关键词:
风力发电机故障
CasRel
余弦注意力
SOTA
摘要:
针对风力发电机故障领域关系抽取任务存在大量的专业术语、单实体重叠和多实体重叠、单句子关系多以及句子结构复杂的问题,本文提出一种改进的CasRel二元级联标记框架CA-CasRel。由于ERNIE模型在预训练过程中引入了实体信息和知识图谱信息,本研究首先用ERNIE模型代替BERT模型进行句子编码嵌入,深层次地捕捉文本序列的实体关系信息。另外,本研究在预测头实体之后,对头实体向量用余弦注意力机制进行编码,余弦注意力具有方向敏感性和语义纯度强化,可高效提取语义的本质特征和对稀疏特征的无偏捕捉。最终,所提架构和基线CasRel模型相比,其精确率、召回率和F1值分别提升了1.71%、6.09%和4.05%,达到了领域内的SOTA效果。In the task of relation extraction within the wind turbine fault domain, there are numerous challenges, such as the presence of domain-specific terminology, overlapping of single and multiple entities, multiple relations in a single sentence, and complex sentence structures. This paper proposes an improved CasRel-based binary tagging framework, CA-CasRel. Since the ERNIE model incorporates entity information and knowledge graph data during pre-training, this study replaces the BERT model with ERNIE for sentence encoding and embedding, enabling a deeper capture of entity-relation information in text sequences. Furthermore, after predicting the head entity, the head entity vector is encoded using a cosine attention mechanism.

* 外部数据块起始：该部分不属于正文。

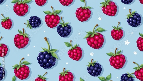 Seamless pattern of cute cartoon blackberries on a soft indigo background, minimalistic style, bold outlines, light shadows, playful and fresh design, kawaii aesthetic.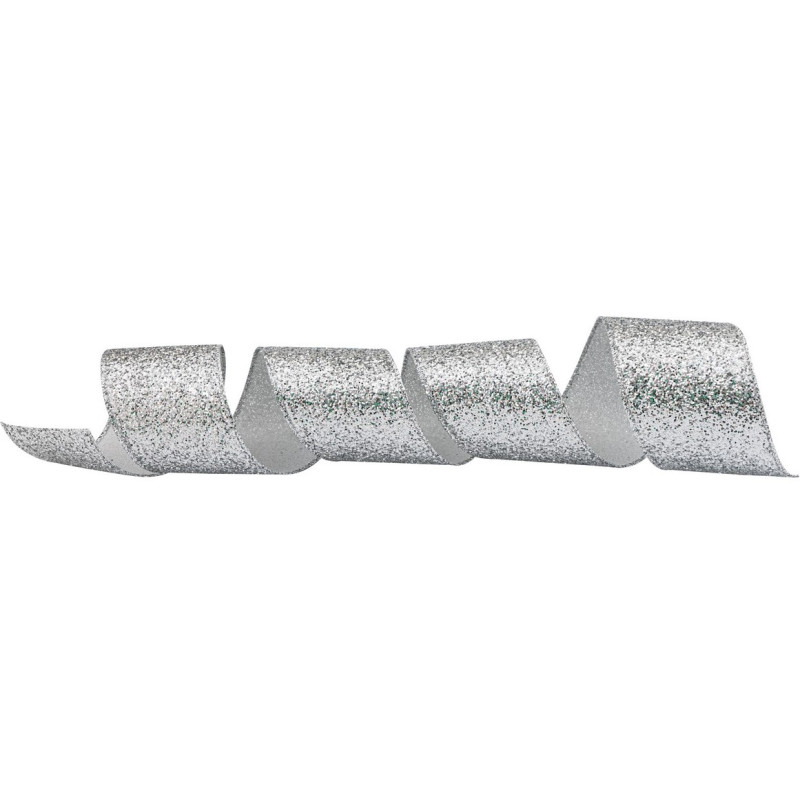 Ασημί Χριστουγεννιάτικη Κορδέλα Με Γκλίτερ 8,5 Μέτρα (9 yards)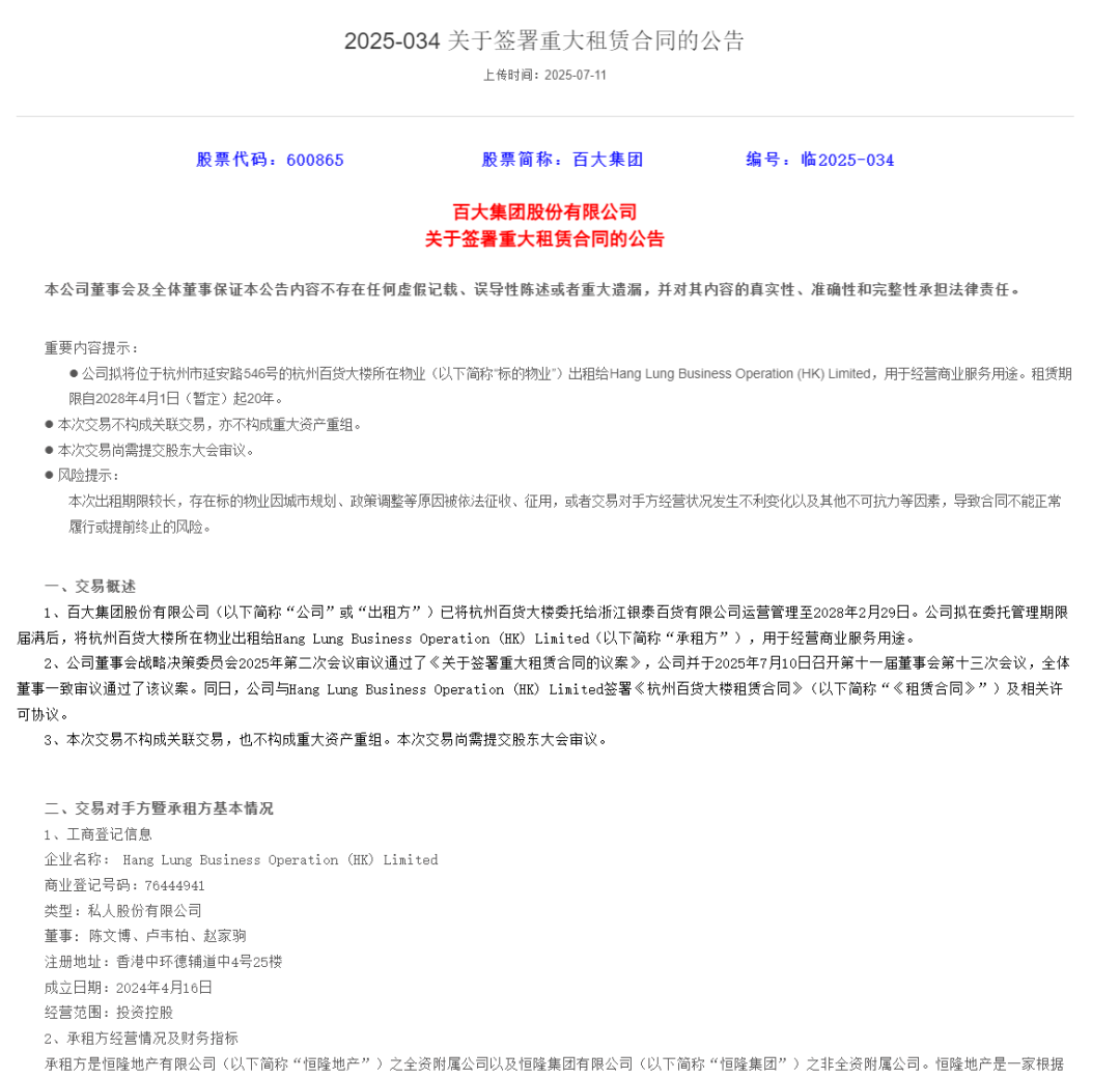 近期,百大集團發(fā)布了公司關于簽署重大租賃合同的公告,宣布與恒隆地產達成合作;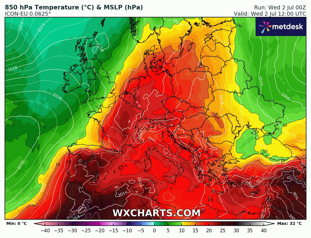 Masse d'air à 850 hPa (vers 1500m) du mercredi 2 au samedi 5 juillet 2025 - wxcharts.com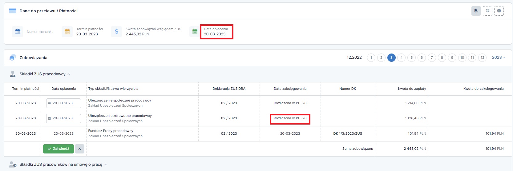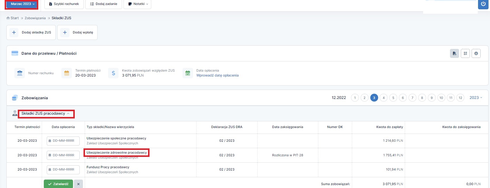W momencie jak płatnik wprowadzi daty opłacenia składek ZUS w zakładce Zobowiązania ➡ Składki ZUS, wówczas zgodnie z przedstawionym zrzutem, składka na ubezpieczenie zdrowotne nie zostanie rozliczona w serwisie, co jest prawidłowym działanie.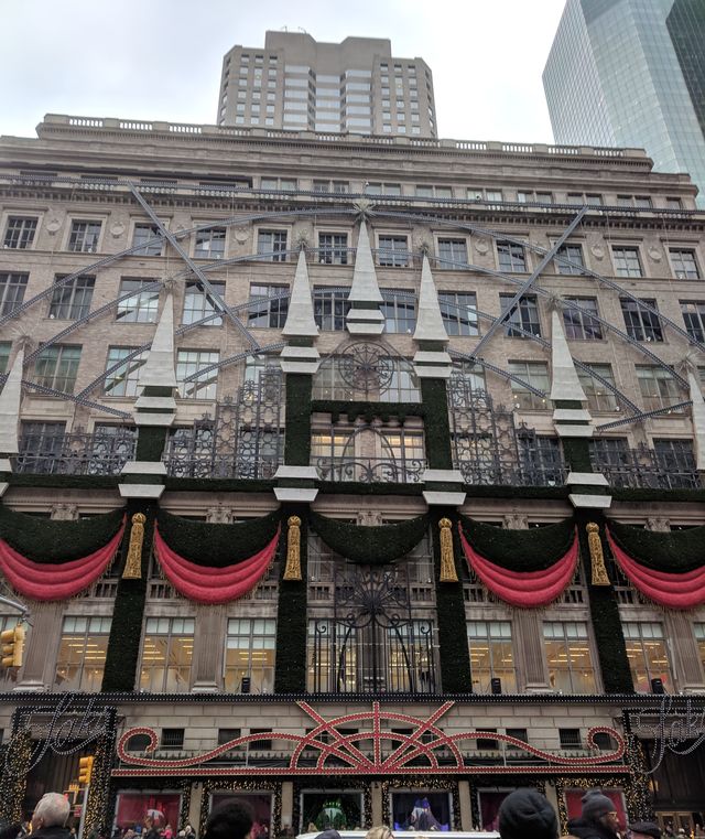 「サックスフィフスアヴェニュー」は建物正面全体がクリスマスのイルミネーションで飾られ、ロックフェラーセンタ―のクリスマスツリーと一体になる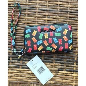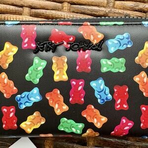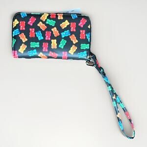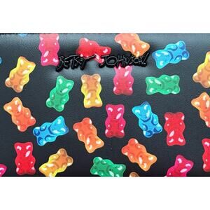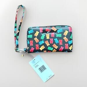 NWT BETSEY JOHNSON BLK Faux LTR Rainbow Gummy Bear Zip Wallet Wristlet XOKARA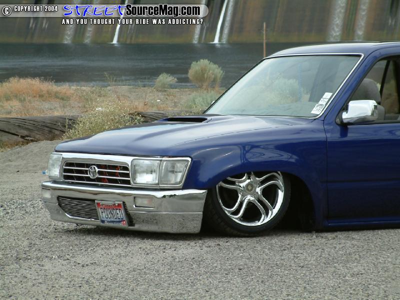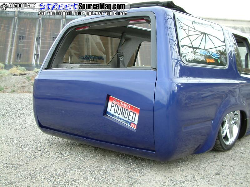 Keeping things different, the rear doors where shaved of the door handles while the front where replaced by a set of ’95 Altima door handles. Moving back the gas filler door would be shaved and moved behind the rear gate while the gate handle would receive the same shaved treatment. Rounding out the rear the taillights would be shaved and replaced by LED’s and a custom roll pan would be molded in.
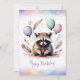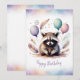 Adorable Watercolor Raccoon Happy Birthday Holiday Card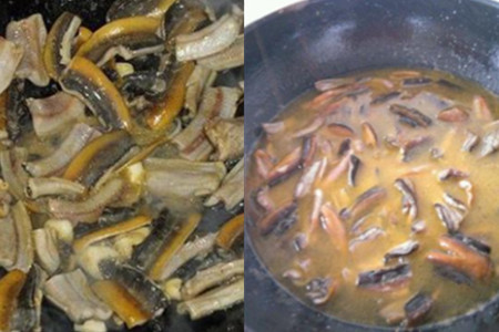 第三步,在锅中热油,然后把姜片放进去炸,把姜片炸成金黄色之后,就把黄鳝倒进去,倒的时候注意沿着锅边慢慢倒,因为黄鳝有水,而锅有油。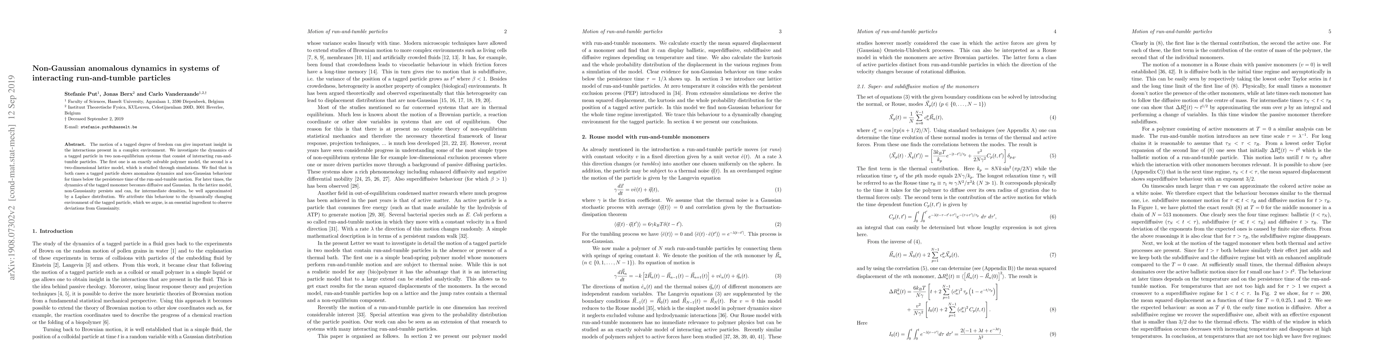 The motion of a tagged degree of freedom can give important insight in the interactions present in a complex environment. We investigate the dynamics of a tagged particle in two non-equilibrium systems that consist of interacting run-and-tumble particles. The first one is an exactly solvable polymer model, the second is a two-dimensional lattice model, which is studied through simulations. We find that in both cases a tagged particle shows anomalous dynamics and non-Gaussian behaviour for times below the persistence time of the run-and-tumble motion. For later times, the dynamics of the tagged monomer becomes diffusive and Gaussian. In the lattice model, non-Gaussianity persists and can, for intermediate densities, be well approximated by a Laplace distribution. We attribute this behaviour to the dynamically changing environment of the tagged particle, which we argue, is an essential ingredient to observe deviations from Gaussianity.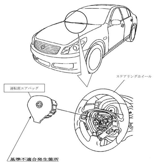 日産自動車は3日、『スカイライン』の運転者席エアバッグに不具合があるとして、国土交通省にリコール(改修・無償修理)を届け出た。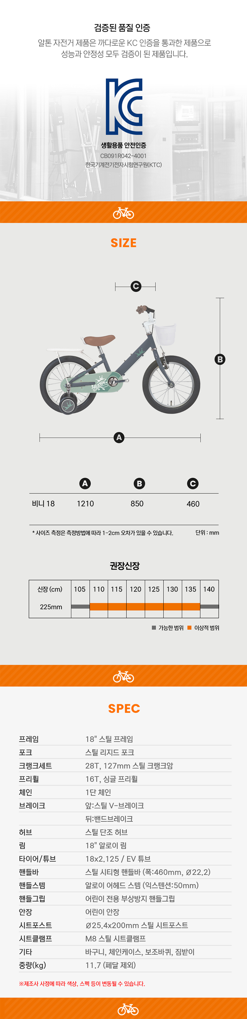 | 크기, 중량 | 18인치 프레임, 10.7Kg (페달 제외,18인치 기준) | ||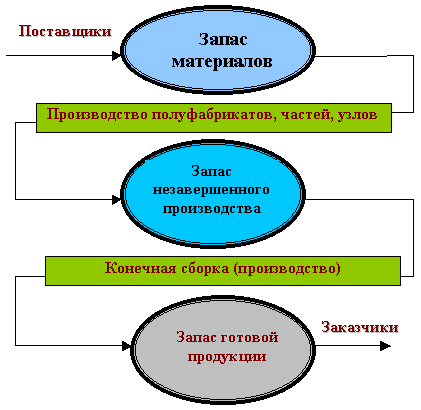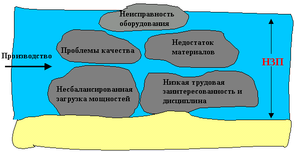 Система «Точно в срок» основной акцент делает на сокращении уровня запасов материалов и незавершенного производства на каждой стадии производства. Причины роста незавершенного производства, как правило определяются созданием страховых запасов, выходом из строя оборудования, низкой квалификацией персонала и т.д. (Рис. 8)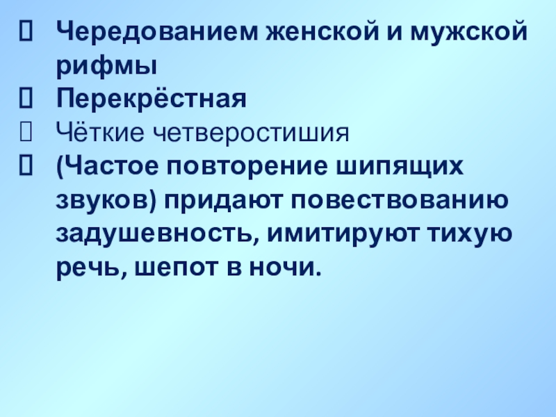 повествованию задушевность, имитируют тихую речь, шепот в ночи.

Cosine attention, with its direction sensitivity and enhanced semantic purity, efficiently captures essential semantic features and unbiasedly detects sparse features. Compared to the original CasRel model, the proposed architecture improves precision, recall, and F1 score by 1.71%, 6.09%, and 4.05%, respectively, achieving state-of-the-art performance in the domain.